Ordinarily, a straight sets clumping of a semi-final opponent would be a boost to the confidence, a sign that all is well ahead of a Wimbledon final.
But while Angelique Kerber’s 6-3, 6-3 dismissal of an error-prone Jelena Ostapenko was swift and efficient, it bore little relevance to her appointment with Serena Williams on the Centre Court at 2pm sharp tomorrow. Williams is not like other opponents.
Still, Kerber could only play the woman in front of her and, yesterday, that was the former French Open champion and former Wimbledon junior champion, Ostapenko. The free-hitting Latvian was flummoxed by the speed of the court – slower than the outside courts – and by taking on a left-hander. She was then poleaxed by her own error count: 36 to Kerber’s miserly seven. Kerber was consistent, save for a minor wobble in the closing stages, and Ostapenko was a shambles.
It is only six months ago that Kerber was an absolute shambles. Her rise to the top in 2016 was remarkable. She won her maiden grand slam and followed that up with an appearance in the Wimbledon final, by winning the US Open title and by reaching the final of the end-of-year championships. By September, she had overtaken Williams at the top of the rankings and ruled the world.
But that brought a new raft of problems. Suddenly, she was a commodity to be sold to new sponsors by her manager. He ended up selling parts of Kerber that Kerber did not know she had. Come the start of the new season, all the commitments that had been made for her pulled her this way and that while she was now struggling with the pressure of trying to defend all her titles and ranking points. Unsurprisingly, it did not end well.
Announcing that she was closing the book on 2017 and starting afresh, no one believed her. Surely that was not possible. That is not how professional sport works, especially at the age of 29, as she was then. But that is exactly what she did.
Hiring Wim Fissette, Johanna Konta’s former coach, she started work in the off-season and has not looked back since. Her confidence is back, her game is back and now she is back in the Wimbledon final.
“I think last year a lot of things happened,” she said. “I think all the things, like to make the day schedule, to see what is good for me, what is not so good for me, to make the priority to playing tennis, focusing on just what I love, finding my motivation. There are a lot of things.”

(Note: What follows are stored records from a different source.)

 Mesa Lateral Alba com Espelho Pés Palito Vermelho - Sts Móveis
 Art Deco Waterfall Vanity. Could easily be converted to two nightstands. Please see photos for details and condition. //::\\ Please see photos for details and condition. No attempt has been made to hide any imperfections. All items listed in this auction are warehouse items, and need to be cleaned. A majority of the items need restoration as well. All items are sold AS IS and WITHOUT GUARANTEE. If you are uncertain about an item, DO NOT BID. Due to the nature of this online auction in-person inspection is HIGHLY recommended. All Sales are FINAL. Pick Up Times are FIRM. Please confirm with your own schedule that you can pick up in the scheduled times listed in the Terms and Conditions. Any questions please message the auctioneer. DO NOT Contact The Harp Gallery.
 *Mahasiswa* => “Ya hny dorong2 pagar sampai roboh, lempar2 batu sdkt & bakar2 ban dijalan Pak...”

Whether that will be enough to take on and beat Williams, though, remains to be seen. It was Williams who beat her in her only Wimbledon final and did so in straight sets. And while the grass courts encourage Kerber to be more aggressive than seems natural to her, no woman does aggression like Williams in a Wimbledon final.
“She’s always going out there to win the matches,” Kerber said. “I think it doesn’t matter against who she is playing. She’s trying to play like she played the years before where she won the big matches.

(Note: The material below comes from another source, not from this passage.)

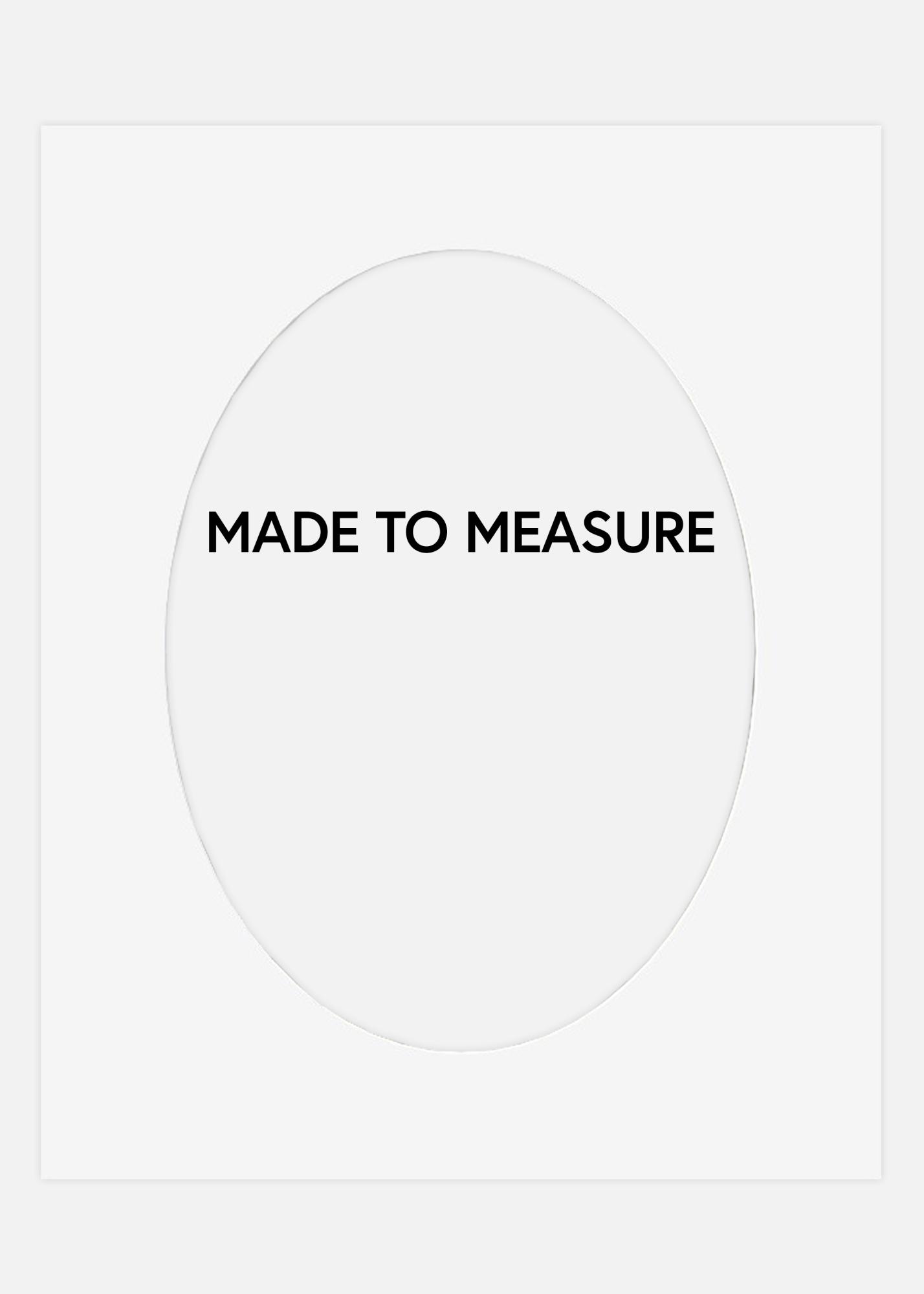 White oval or round mount in custom-made dimensions with white 45 degree bevelled edge, next to the image. A good choice for portraits in classic style.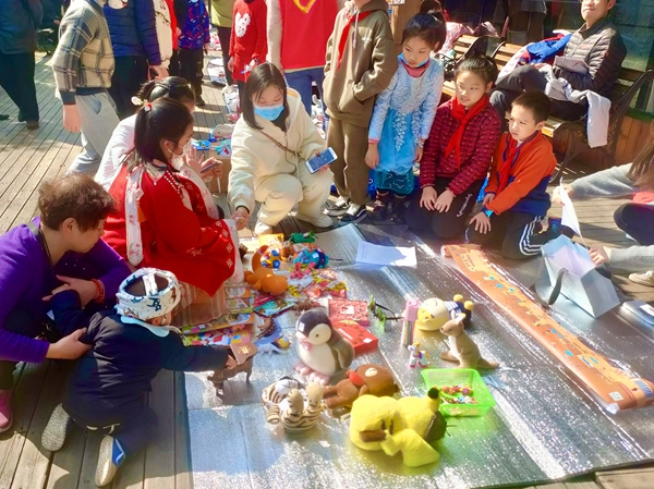 2月26日,鼓樓區建華社區則組織孩子們舉辦愛心義賣活動,并將義賣所得用于拗九節敬老。“走過路過不要錯過,快來看快來買呀!”“滿十元可參與一次抽獎……”活動中,建華社區木棧道被布置成“愛心集市 點亮微光”跳蚤市場,社區小朋友們化身“小老板”,現場充滿了稚嫩的吆喝聲。義賣結束后,大家將收入用于購買拗九粥。小朋友們穿上紅馬甲,在工作人員帶領下,提著拗九粥上門探訪社區老人,表達自己孝老敬老之情。

“Now for sure she had a lot of big confidence, especially after the matches she won here already. She knows the feeling to go out on this stage where you are in the finals, especially here. She won here I don’t know how many times. She’s a fighter. She’s a champion. That’s why she is there where she is now.”
Kerber thought it would be an “honour” to play Williams and that it would be “a new match”. Her problem is that Williams is getting back into the old routine – and that usually means she wins. Yet Kerber’s comeback story is almost as impressive as Williams’s, it is just not as well documented.
“She’s coming back,” Kerber said. “For me also, I’m coming back from 2017. I know that I have to play my best, best tennis to beat her, especially on the grass, on the Centre Court, where she won so many titles here. I know that she is always pushing you to the limits.”